** Opening SUPPLIED DATA block **
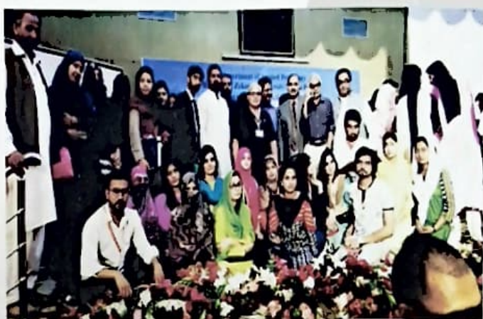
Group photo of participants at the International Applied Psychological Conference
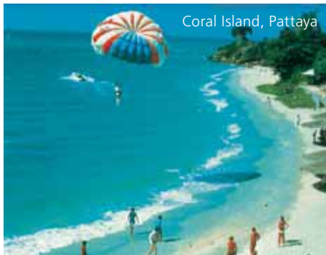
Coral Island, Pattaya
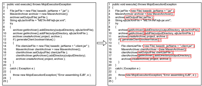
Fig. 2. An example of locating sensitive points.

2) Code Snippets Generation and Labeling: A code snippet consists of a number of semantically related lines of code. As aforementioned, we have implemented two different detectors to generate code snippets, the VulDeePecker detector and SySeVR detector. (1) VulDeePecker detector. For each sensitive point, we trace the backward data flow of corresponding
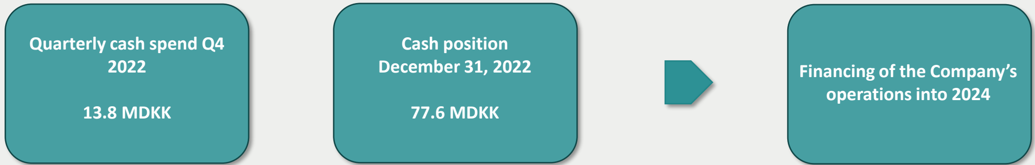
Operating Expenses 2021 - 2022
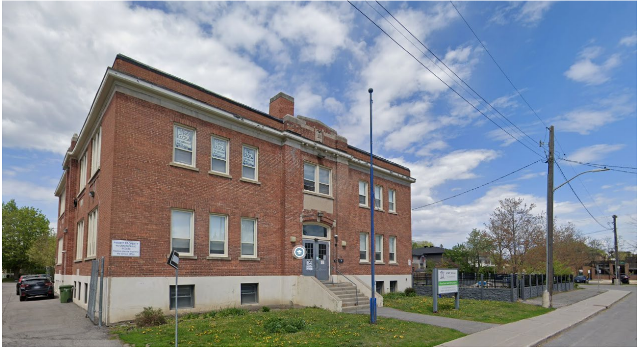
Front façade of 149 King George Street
** Closing SUPPLIED DATA block **
** Opening SUPPLIED DATA block **
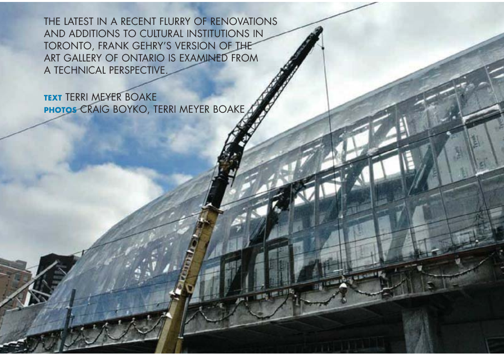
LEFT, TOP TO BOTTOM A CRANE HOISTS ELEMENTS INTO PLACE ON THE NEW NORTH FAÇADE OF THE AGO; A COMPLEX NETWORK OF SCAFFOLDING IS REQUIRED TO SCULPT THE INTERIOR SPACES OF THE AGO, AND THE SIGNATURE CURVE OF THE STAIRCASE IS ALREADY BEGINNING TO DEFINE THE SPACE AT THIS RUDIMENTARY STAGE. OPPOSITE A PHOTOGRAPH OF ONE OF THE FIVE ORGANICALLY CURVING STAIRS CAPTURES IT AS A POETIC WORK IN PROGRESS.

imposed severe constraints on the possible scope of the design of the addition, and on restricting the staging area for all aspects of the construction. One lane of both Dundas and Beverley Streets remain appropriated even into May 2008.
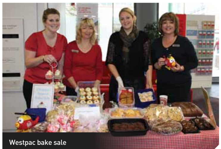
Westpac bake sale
** Closing SUPPLIED DATA block **
Wherever the string "sensitive" appears in a line above, copy that line.

RESPONSE TO THE EXERCISE:
Fig. 2. An example of locating sensitive points.
2) Code Snippets Generation and Labeling: A code snippet consists of a number of semantically related lines of code. As aforementioned, we have implemented two different detectors to generate code snippets, the VulDeePecker detector and SySeVR detector. (1) VulDeePecker detector. For each sensitive point, we trace the backward data flow of corresponding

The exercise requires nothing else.